The Children of the Sky is the third novel in Vernor Vinge’s Zones of Thought cycle of novels, three brick-sized, Hugo-award winning novels that are the near-perfect balance of science fiction’s twin traditions of wild speculation and high-intensity storytelling.
A summary of Children’s plot: Imagine bootstrapping a fallen civilization into transcendance using nothing but a collection of hive-mind Machiavellis, a crippled hyperadvanced space-ship, and a pack of surly, scheming orphaned adolescents. Oh, and then there’s the vengeful god ramscooping itself to relativistic speeds a mere 30 lightyears away.
That gives you an idea of just how far-out and far-ahead Vinge is thinking. The story revolves around the refugees from a crashed spaceship — the children of a hubristic human colony that had edged up to the border of the galaxy’s transcendent zone, where hyperadvanced beings can manipulate the very laws of physics. These Icaruses had hoped to raid the gods’ archives and find a shortcut to their own godhood, but instead they woke a monster, one that chased them to a distant world and nearly killed them. But they were saved by a hero who twisted the laws of physics and sent the Blighter Fleet (as the monster was called) thirty lightyears away in the blink of an eye, and died in the process.
Ravna Bergsndot survived the armageddon, and it was she who woke the orphaned children from their coldsleep caskets, and, with them, set about rebuilding a civilization advanced enough to turn back the Blighter again, racing to bring her exile-world from medieval fiefdoms to physics-bending demigods in a mere century.
In this, the humans are aided by the Tines, a race of doglike hive-intelligences. Three or more Tines come together and form a collective consciousness, synchronizing with high-speed, ultrasonic chirps. A literal society of minds, the Tines are essentially immortal — they need merely replace injured or killed individuals with new members. But the Tines are sorely limited in ways as well: if two Tines get to close to one another, their “mindsounds” will mingle, and their consciousness dissolve. Adding new Tines to a pack-individual can change its identity, sometimes creating new and unrecognizable packs.
Even with the Tines’ ingenuity, Ravna’s quest would be hopeless, except that she is able to avail herself of the libraries of the Out of Band II — the crashed starship that brought them to the Tines’ world — and its endless archive recording other civilizations that had bootstrapped themselves out of similar situations. With the Oobii, this should be nothing more than a serious engineering challenge.

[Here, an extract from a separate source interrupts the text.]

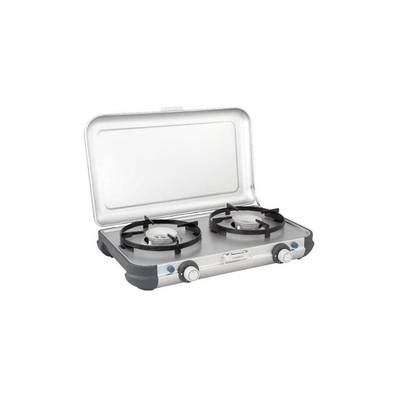 Lahka in enostavna kamp peč z dvema gorilnikoma, ki je na voljo tako s kartušo kot s plinsko steklenico, odvisno od dolžine dopusta. Kompaktna oblika z vgrajenimi ročaji omogoča prihranek prostora v avtomobilu ali avtodomu. Držala za posode je enostavno odstraniti za hitro in enostavno čiščenje.

But even the children of near demigods are not immune to human frailty and scheming. And the Tines are hardly universally benevolent. What starts out as a fascinating thought-exercise in how you could combine knowledge, computation and raw materials to make an advanced civilization out of stone-age conditions quickly turns into a fabulous novel of intrigue and politics, as crosses, double-crosses and triple-crosses pit Tines and humans against one another in a quest for power, dominance, and vengeance.
Vinge’s explosive imagination and deft storytelling make epics zip past like hummingbirds — you’ll steal daytime moments to read more, and lie awake at night contemplating what you’ve read. Vinge is best known for the mind-bending ideas that his science fiction delivers like a warhead (he came up with the notion of the “Singularity,” among other things), but the missile is as well-engineered as its payload: Children is an adventure story with teeth, mindbending technical speculation blended with graceful storytelling.
This is the third (and not the concluding) volume in the cycle. The first two are A Fire Upon the Deep and A Deepness in the Sky. Theoretically, you could follow Children‘s plot well enough without the benefit of the first two, but they are such treats themselves, you’d be depriving yourself if you did.